If you already generated embeddings with an older tweetxvault version, run uv run tweetxvault embed --regen once after upgrading so stored vectors are rebuilt with the current normalized cosine-search setup.
Exporting
# Export all archived tweets to JSON
uv run tweetxvault export json
# Export a specific collection
uv run tweetxvault export json --collection bookmarks
uv run tweetxvault export json --collection tweets
# Export to a specific path
uv run tweetxvault export json --out ~/exports/my-bookmarks.json
# Export as a self-contained HTML viewer
uv run tweetxvault export html
uv run tweetxvault export html --collection likes --out ~/exports/likes.html
JSON exports now include normalized media, urls, and article sections alongside each exported tweet row.

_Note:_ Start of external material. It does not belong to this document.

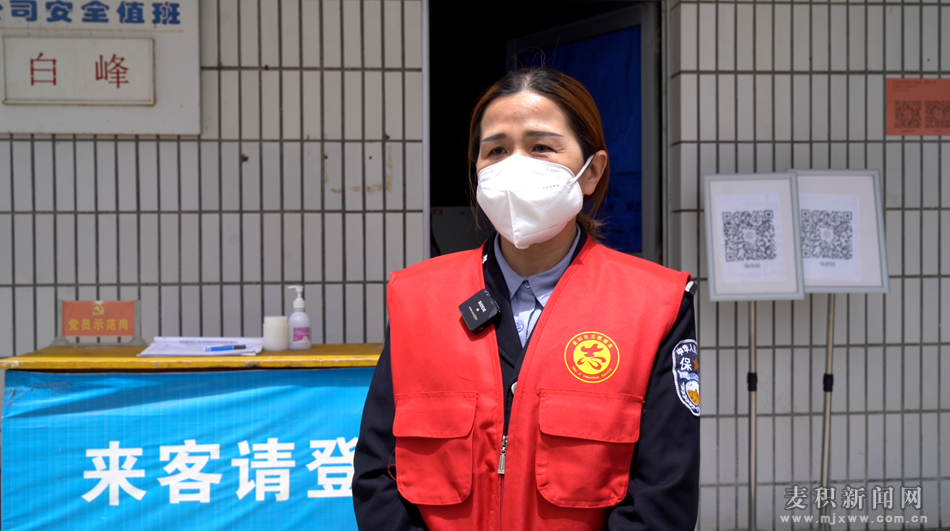 麦积志愿者刘小红:“五一期间,我们这些做志愿者的还是要依然坚持值班值守,坚持疫情防控工作不放松,确保疫情防控工作万无一失。虽然我们失去了休息的时间,但是能够保障辖区居民的健康,我很乐意,这也是我们应该做的。”

HTML exports now render tweet media, URL metadata, and full article bodies when those rows exist in the archive.
Media + URL Enrichment
# Download all pending archived media files into the local data dir
uv run tweetxvault media download
# Only download photos
uv run tweetxvault media download --photos-only
# Fetch final URL, canonical URL, title, and description metadata
uv run tweetxvault unfurl
# Retry previously failed URL unfurls
uv run tweetxvault unfurl --retry-failed
Thread Expansion
# Expand archived tweets through TweetDetail to capture parents/context rows
uv run tweetxvault threads expand
# Expand a specific thread target by URL or ID
uv run tweetxvault threads expand https://x.com/dimitrispapail/status/2026531440414925307
uv run tweetxvault threads expand 2026531440414925307
# Re-fetch an explicit target even if it was already expanded before
uv run tweetxvault threads expand --refresh 2026531440414925307
Explicit thread targets are idempotent by default: previously expanded targets are skipped unless you pass --refresh. Linked status-URL targets are attempted at most once per run, even if the same target appears in multiple archived URL refs.
Article Refresh
# Refresh preview-only archived article rows via TweetDetail
uv run tweetxvault articles refresh
# Refresh every archived article row, not just preview-only ones
uv run tweetxvault articles refresh --all
# Refresh a specific article-bearing tweet by URL or ID
uv run tweetxvault articles refresh https://x.com/dimitrispapail/status/2026531440414925307
uv run tweetxvault articles refresh 2026531440414925307
Maintenance
# Compact the LanceDB archive (reduces file count after many syncs)
uv run tweetxvault optimize
# Rebuild normalized tweet fields and secondary objects from stored raw JSON,
# including any previously captured TweetDetail/thread-expansion payloads
uv run tweetxvault rehydrate
# Force-refresh query IDs from Twitter's JS bundles
uv run tweetxvault auth refresh-ids
Unattended sync via cron
# Sync bookmarks and likes every 6 hours
0 */6 * * * cd /path/to/tweetxvault && uv run tweetxvault sync all 2>> /tmp/tweetxvault.log
A process lock prevents overlapping runs.
Configuration
All configuration is optional. Defaults work out of the box with browser cookie extraction.
Sync tuning (config.toml or env vars)
| Setting | Default | Env var |
|---|---|---|
sync.page_delay |
2.0 s |
TWEETXVAULT_PAGE_DELAY |
sync.max_retries |
3 |
TWEETXVAULT_MAX_RETRIES |
sync.backoff_base |
2.0 s |
TWEETXVAULT_BACKOFF_BASE |
sync.cooldown_threshold |
3 consecutive 429s |
TWEETXVAULT_COOLDOWN_THRESHOLD |
sync.cooldown_duration |
300.0 s |
TWEETXVAULT_COOLDOWN_DURATION |
sync.timeout |
30.0 s |
TWEETXVAULT_TIMEOUT |
Data storage
Data paths are resolved by platformdirs so they follow OS conventions, but the current runtime target is Unix-like systems only. On Linux the defaults are:
| Purpose | Default path |
|---|---|
| Config | ~/.config/tweetxvault/ |
| Archive (LanceDB) | ~/.local/share/tweetxvault/archive.lancedb/ |
| Cache (query IDs) | ~/.cache/tweetxvault/ |
Override with XDG_CONFIG_HOME, XDG_DATA_HOME, XDG_CACHE_HOME.
How it works
tweetxvault calls Twitter's internal GraphQL API — the same endpoints the web app uses. It:
- Resolves session cookies (env/config/browser extraction)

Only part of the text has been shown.